■ **EXERCISE GOAL**:
With the pictures removed, reproduce exactly the lines from the one that contains "- Click the" through the last line of the entries below.

■ **DATASET EXCERPTS**:
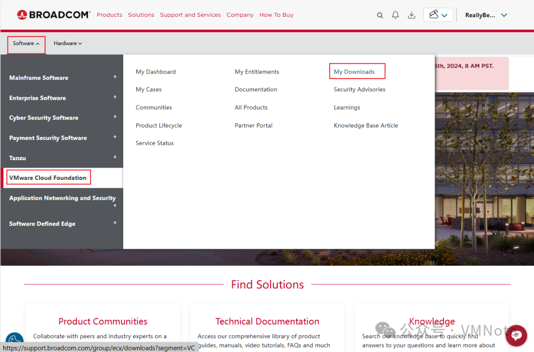 第4步,选择 Software -> VMware Cloud Foundation -> My Download
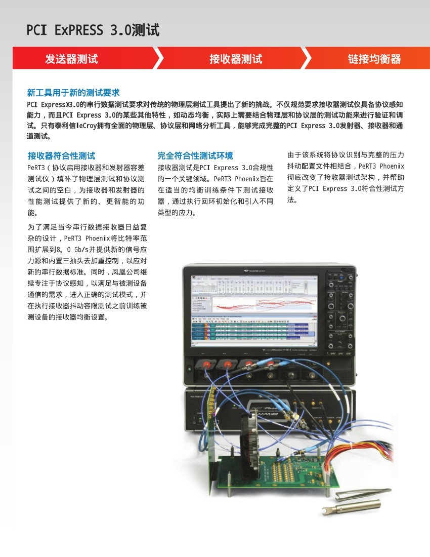 PeRT3 (具有協議使能功能的接收機和發射機容限測試儀)填補了物理層測試和協議層測試之間的空白,為接收機測試和發射機測試提供了更新穎的、更智能化的測試能力。該產品主要是針對于串行數據的收發系統以及其他高速串行信號的通信系統。力科的PeRT3不僅僅是一款新的儀器,更是代表了一類具有完整的新的概念的測試儀器。
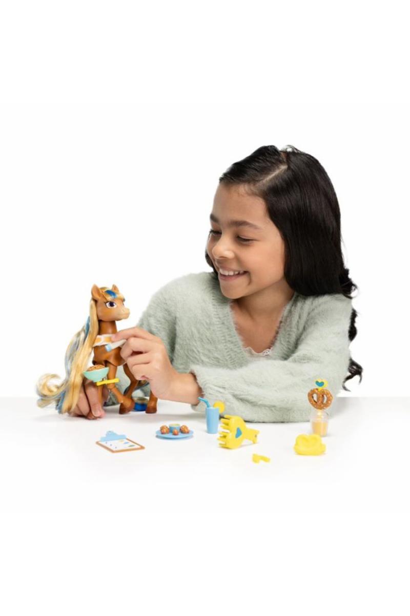Zoey er den ultimate sportsfanen! Hennes blå fargestripe står for hennes besluttsomhet, sportsånd og vilje til å støtte vennene sine. Zoey er alltid klar for å feire med en god kombinasjon av lemonade og pretzels etter et spennende sportsarrangement. Hun kommer med flere pretzel- og drikke-tilbehør, samt myke moteaccessoirer, og selvfølgelig en stylingbørste for å sørge for at manen hennes alltid ser perfekt ut. Er du klar for en pretzel-fest med Zoey?
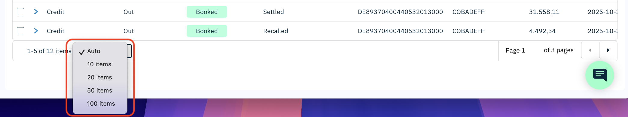 - Click the page size selector (default: Auto) to choose how many rows are shown per page:
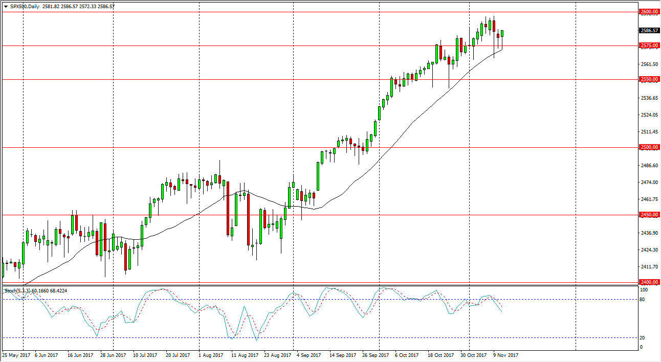 The S&P 500 fell during the trading session on Monday, breaking below the 2575 level early in the day. However, we turned around to form a hammer and it suggests that we are going to continue to try to reach the 2600 level, if not break above it. This is a very bullish looking market, but I believe that short-term buying is about all you can do as we are getting to be a bit overdone. Once we finally break above the 2600 level, momentum should pick up again. So, I think short-term traders will continue to jump into this market and pick up little dips, but at this point it is probably more or less just algorithmic trading and scalping that we will be seen. I have no interest in shorting regardless, as it’s obviously a fool’s errand to try to do so.

■ **YOUR SOLUTION**:
 - Click the page size selector (default: Auto) to choose how many rows are shown per page:
 The S&P 500 fell during the trading session on Monday, breaking below the 2575 level early in the day. However, we turned around to form a hammer and it suggests that we are going to continue to try to reach the 2600 level, if not break above it. This is a very bullish looking market, but I believe that short-term buying is about all you can do as we are getting to be a bit overdone. Once we finally break above the 2600 level, momentum should pick up again. So, I think short-term traders will continue to jump into this market and pick up little dips, but at this point it is probably more or less just algorithmic trading and scalping that we will be seen. I have no interest in shorting regardless, as it’s obviously a fool’s errand to try to do so.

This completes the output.